What is needed is a verbatim copy of the data, minus the pictures.

» INFORMATION SHOWN:
::::::::

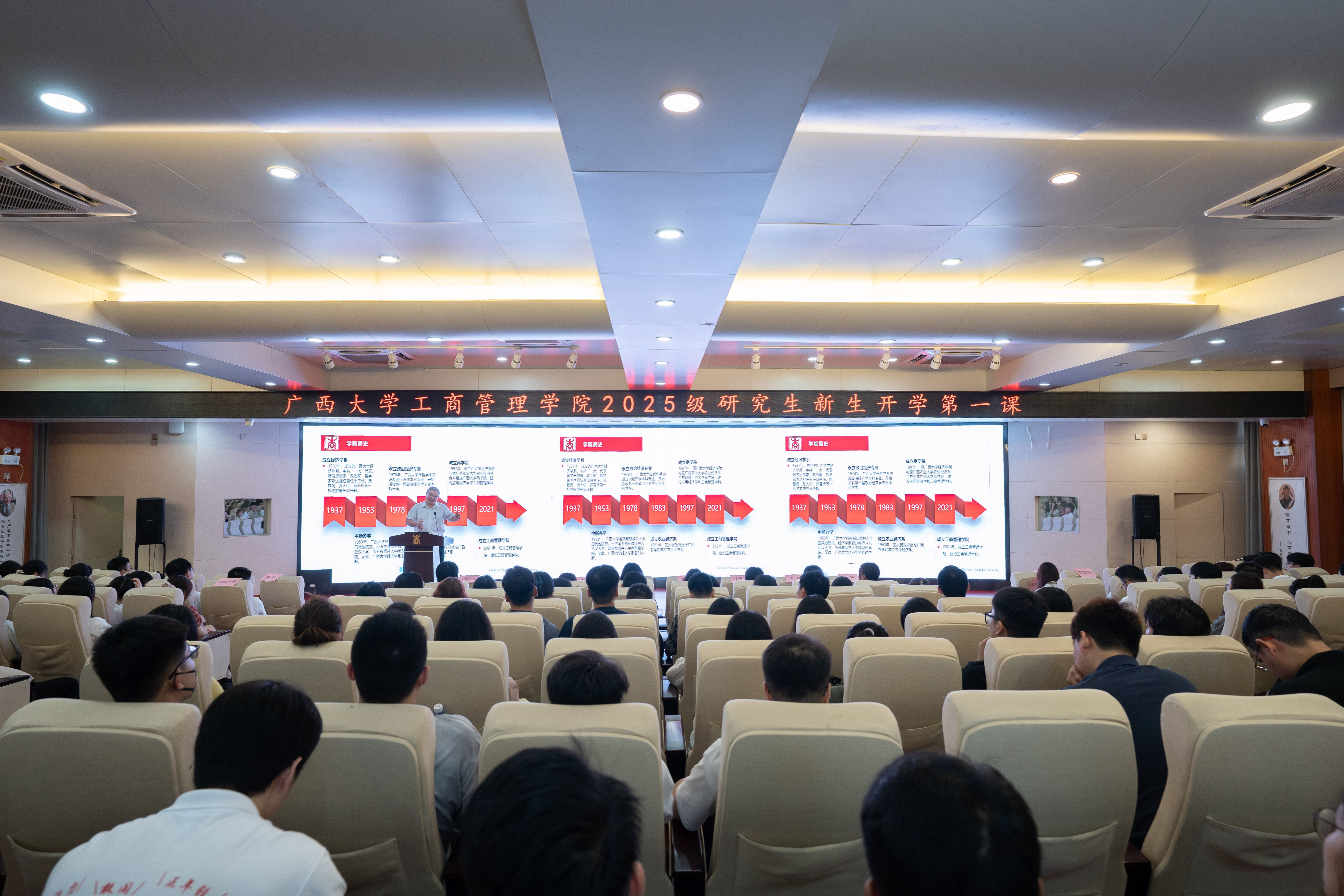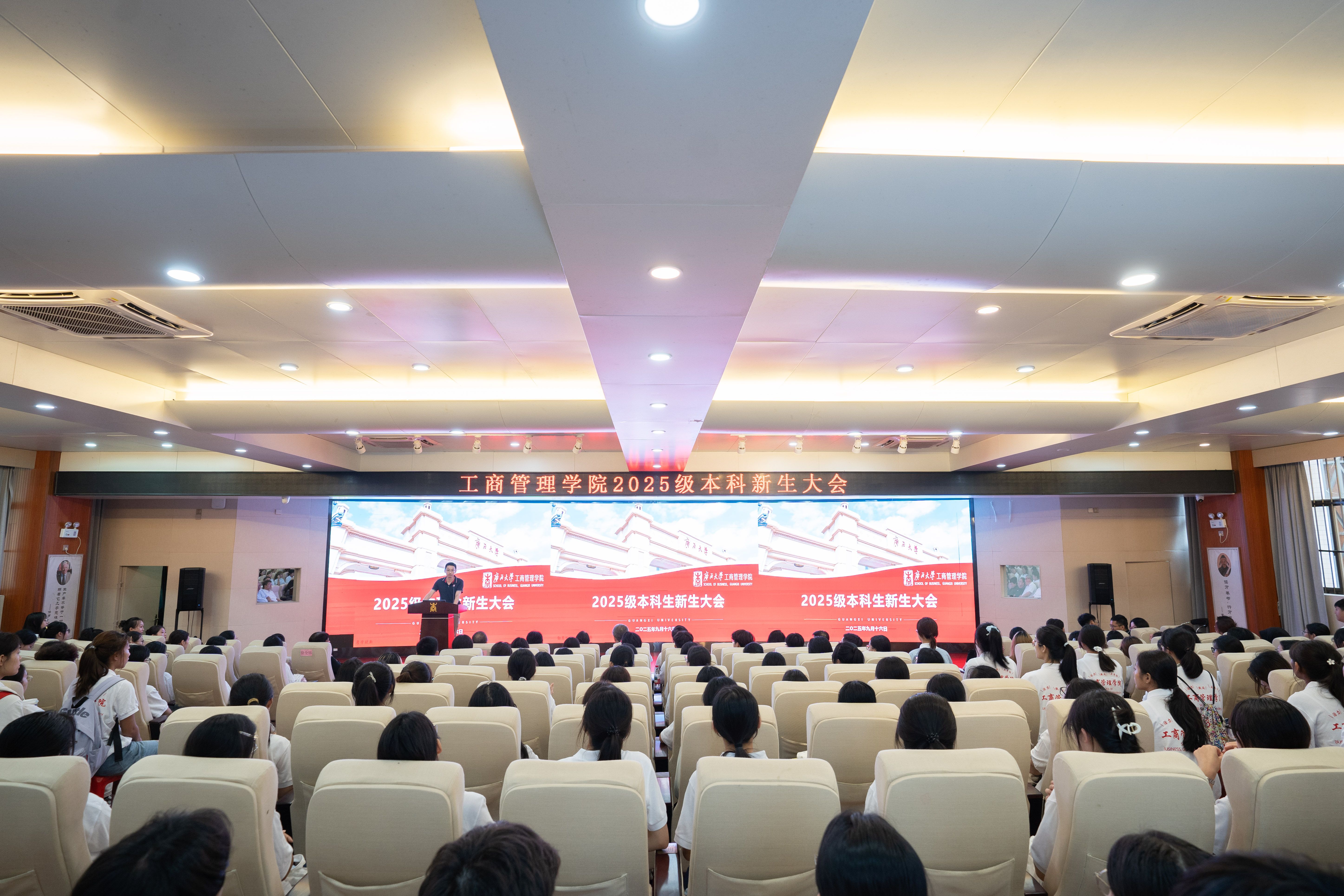 在学院128报告厅分别举行了2025级本科生新生和2025级研究生新生大会。学院党委书记黄晋、院长朱帮助,副院长朱少英、申韬、廖东红、韦铁,院长助理蒋侃出席大会,相关部门负责人以及各系主任、各新生班级班主任、研究生管理中心、学工组老师和2025级全体新生参加了大会,学院党委副书记肖克宁主持大会。
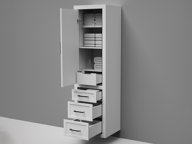 The collections include four-bathroom vanities and two matching linen cabinets. Customize your look with a choice of three handle styles—Mid-Century, Trendsitional™ , and Contempo™—all available in five versatile finishes: Polished Chrome, Brushed Nickel, Polished Nickel, Matte Black, and Satin Brass; or choose to have no drawer holes drilled. Premiere features include adjustable tempered glass dividers, drawer organizer bins, optional electrical outlets, full extension soft-closing glides and other signature Madeli details.
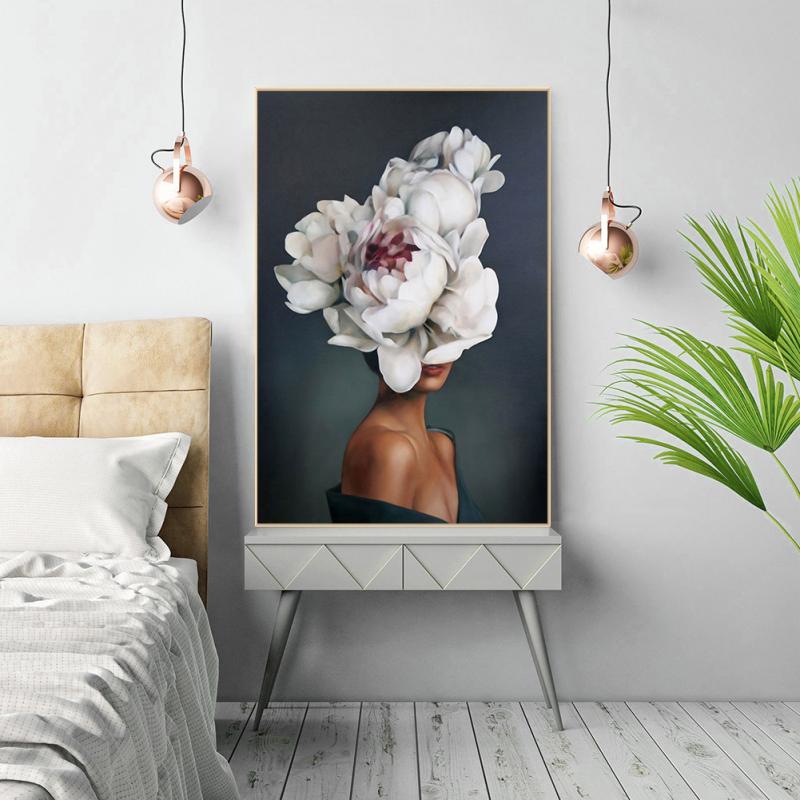 Modern Abstract Canvas Poster Flowers Woman bird wings art Print Poster Picture Wall Living Room Home Decor

::::::::

» TASK RESPONSE:
 在学院128报告厅分别举行了2025级本科生新生和2025级研究生新生大会。学院党委书记黄晋、院长朱帮助,副院长朱少英、申韬、廖东红、韦铁,院长助理蒋侃出席大会,相关部门负责人以及各系主任、各新生班级班主任、研究生管理中心、学工组老师和2025级全体新生参加了大会,学院党委副书记肖克宁主持大会。
 The collections include four-bathroom vanities and two matching linen cabinets. Customize your look with a choice of three handle styles—Mid-Century, Trendsitional™ , and Contempo™—all available in five versatile finishes: Polished Chrome, Brushed Nickel, Polished Nickel, Matte Black, and Satin Brass; or choose to have no drawer holes drilled. Premiere features include adjustable tempered glass dividers, drawer organizer bins, optional electrical outlets, full extension soft-closing glides and other signature Madeli details.
 Modern Abstract Canvas Poster Flowers Woman bird wings art Print Poster Picture Wall Living Room Home Decor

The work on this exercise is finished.